What area do you live in?


----------



## Tall BMX'r (Jan 11, 2021)

REL1203 said:


> What area do you live in?


From the OP.... "A little about me, I am 6' 4" and 245, live in the Sacramento area."


----------



## bigD1031 (Dec 7, 2010)

In my searching I came across the Salsa Blackthorn Deore at REI with an estimated delivery of Nov. 6th. In looking at the Specs it appears to have decent components and sizing of the XL is similar to the Santa Cruz XXL (slightly smaller in some areas) and in between the Stumpjumper S5 and S6 sizes. Any input or thoughts on this particular bike?


----------



## Sparticus (Dec 28, 1999)

bigD1031 said:


> In my searching I came across the Salsa Blackthorn Deore at REI with an estimated delivery of Nov. 6th. In looking at the Specs it appears to have decent components and sizing of the XL is similar to the Santa Cruz XXL (slightly smaller in some areas) and in between the Stumpjumper S5 and S6 sizes. Any input or thoughts on this particular bike?

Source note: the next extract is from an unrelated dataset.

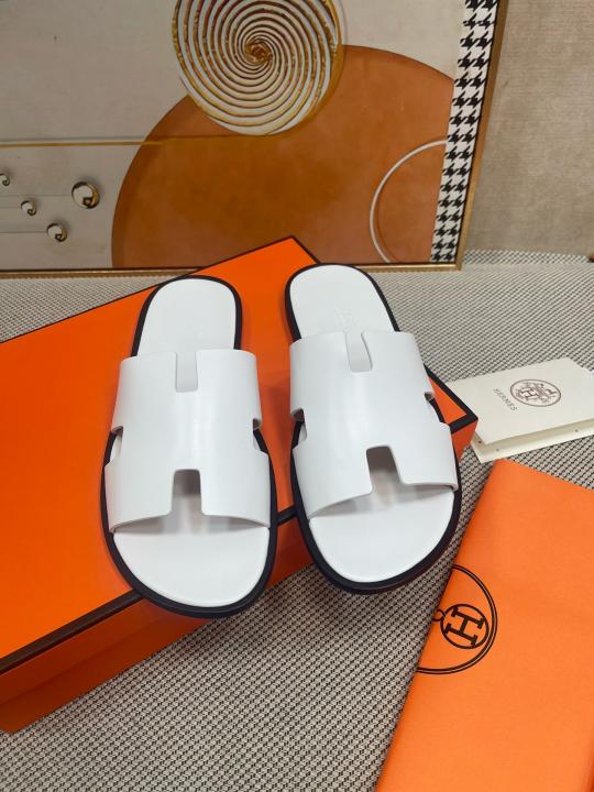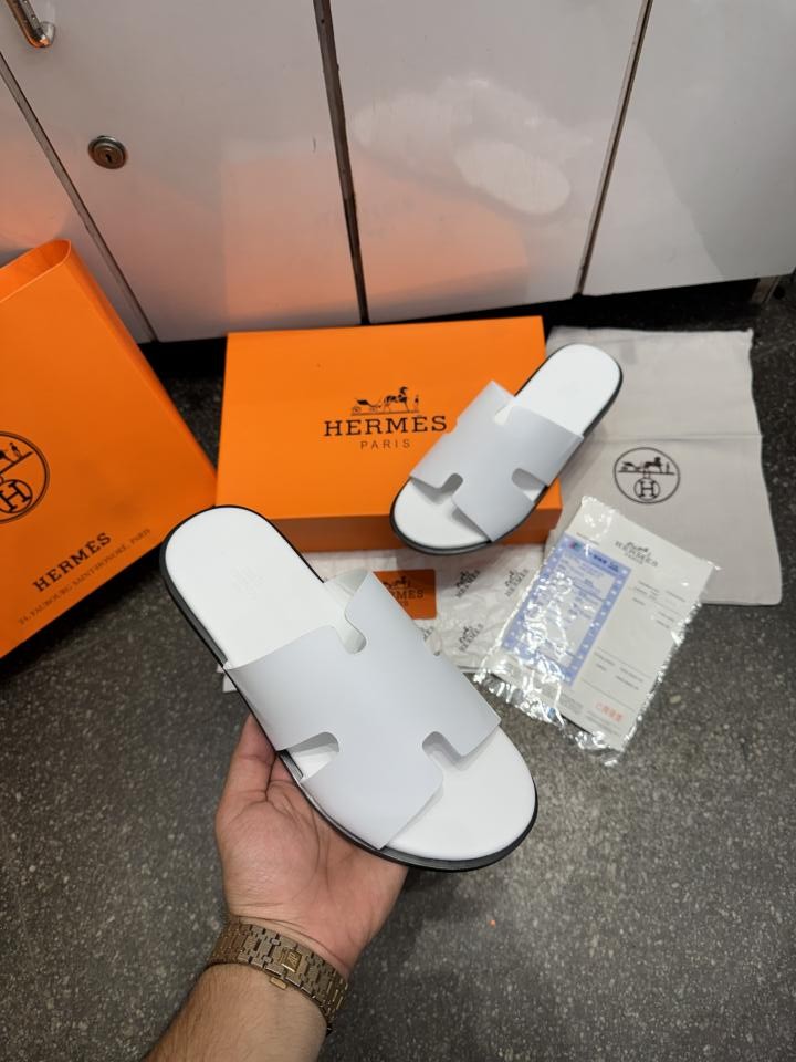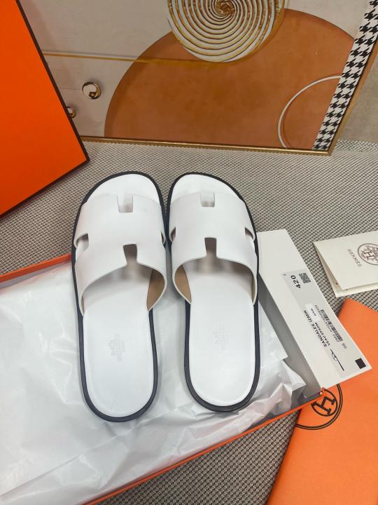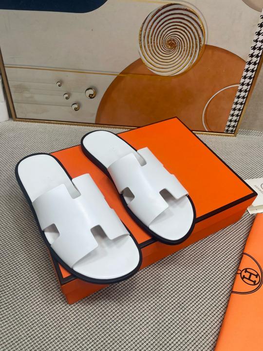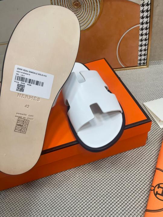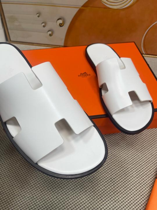 Herme.s Izmir Italian Calf Leather Premium Sandal SlideWhite

From a previous comment, I got the impression you're not a fan of short chainstays. The Blackthorn's CS are 432mm.
=sParty


----------



## Tall BMX'r (Jan 11, 2021)

Good for someone 6' to 6'2" range. Too small for us taller guys. I know it's tempting. The XXL Hightower is as small as you want to go. Even better with an S6 if you can get one. I'd want an S7 or an XXXL if someone made them. That puts you in the XXL range. Don't get sucked into a good deal on a smaller frame. I looked for 6 months before buying the HT. It was just the only option I had.


----------



## bigD1031 (Dec 7, 2010)

Update: So I test rode the Specialized Stump Jumper Alloy in an S5, not bad, and the XXL Hightower C R, which I really liked. I have also been eyeing Guerrilla Gravity's Gnarvana and still really like the numbers on the Transition Sentinel. So this leads me to my latest conundrum I am hoping for a little guidance on....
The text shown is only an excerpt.